Unlike a Chapter 7 filing, when all eligible debts are discharged, a Chapter 13 bankruptcy allows those with a regular income to reorganize their debts and repay them over time. But how much will the monthly Chapter 13 payment be, and how long will the payment plan last? Here are all the details you need to know if Chapter 13 is the right option for you.
Review: Chapter 13 Bankruptcy
Chapter 13 Bankruptcy is meant to assist people with a regular source of income – whether a salary, pension, or social security payment – but are dealing with overwhelming debt. Chapter 13 allows debtors to keep their property while developing a manageable repayment plan instead of liquidating their possessions to repay debts.
The Chapter 13 Payment Plan
Those choosing Chapter 13 bankruptcy must file their bankruptcy petition and repayment plan simultaneously. The Chapter 13 plan outlines how the filer intends to pay their creditors and determines how much they will be paid. Under these circumstances, the plan requires monthly payments to a Bankruptcy Trustee who will pay creditors. Those creditors with unsecured debt, such as credit cards, will likely be paid a small percentage of the amount owed to them – if they are paid anything at all.
Chapter 13 plans typically last between 3 and 5 years. The plan’s duration depends upon whether the petitioner’s income is above or below Florida’s median household income. If annual income is less than that threshold, the plan may last three years, but some debtors opt to stretch out their payments over 60 months to reduce monthly payments.
Florida’s Median Income: As of this writing, Florida’s mean income ranges from $60,429 for an individual to $100,476 for a family of four. Families with more than four people can add $9,900 per individual. Source: United States Trustee
Factors That Impact the Plan Payment
The bankruptcy trustee utilizes several factors to determine the amount and structure of Chapter 13 payments. These factors include:
- Disposable Income: The basis of the plan payment is the amount of disposable income, defined as the income left over after deducting reasonable living expenses. Necessary and reasonable payments typically include mortgage or rent, food, utilities, and transportation expenses. The disposable income represents the amount available to pay towards debt.

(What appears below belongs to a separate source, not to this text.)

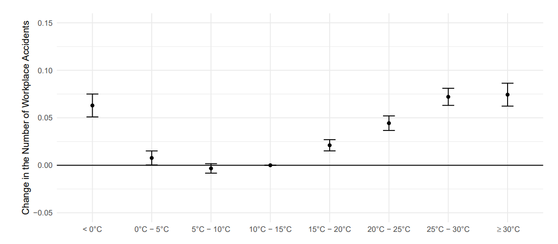 Wie wirken sich solche extremen Temperaturen auf Unfälle auf der Arbeit aus? Diese Frage haben Katharina Drescher, Nachwuchsökonomin an der Universität Passau, und ihr Ko-Autor Benedikt Janzen von der Universität Bern anhand von Daten aus der Schweiz untersucht. In ihrer Studie werteten die Forschenden Arbeitsunfälle von 1996 bis 2019 aus. Die Schweiz eignet sich für eine solche Untersuchung insofern, als es hier auf kleinem Raum eine große Variation an Temperaturen gibt. Zudem stehen die administrativen Unfalldaten tagesgenau und auf kleinteiliger regionaler Ebene zur Verfügung, so dass sich diese mit dem Wetter abgleichen lassen.

- Priority Debts:Tax obligations, child support, and alimony are deemed priority debts, which must be paid in full via the Chapter 13 Bankruptcy Plan.
- Secured Debts: Secured debts are attached to collateral – such as a mortgage or a car loan. Filers must keep up with regular monthly payments to retain the asset. Therefore, the Trustee may include any arrearages of secured debt in the repayment Plan.
- Non-exempt property: Non-exempt property can be liquidated in a Chapter 7 bankruptcy. In Chapter 13, the more significant the value of the non-exempt property, the larger the plan payment.
- Length of Chapter 13 Payment Plan: The plan payment will be based on the stated duration of the plan and the total amount of debt to be repaid.
A Chapter 13 payment plan is determined by adding priority debts, arrearages on secured debts, disposable income, and non-exempt property. The total represents the plan payment, which is then divided by 36 to 60 months to calculate monthly plan payments.
Personal bankruptcy, whether Chapter 7 or Chapter 13, is a complex legal process. While the above article explains the concepts involved with repayment plans, every situation is unique and should be reviewed by an experienced bankruptcy attorney. Bankruptcy attorneys like Richard V. Ellis and his team are vital to ensure that any Chapter 13 Bankruptcy Plan payment accurately represents the individual’s financial situation – and that they are given the best chance at reestablishing their financial footing.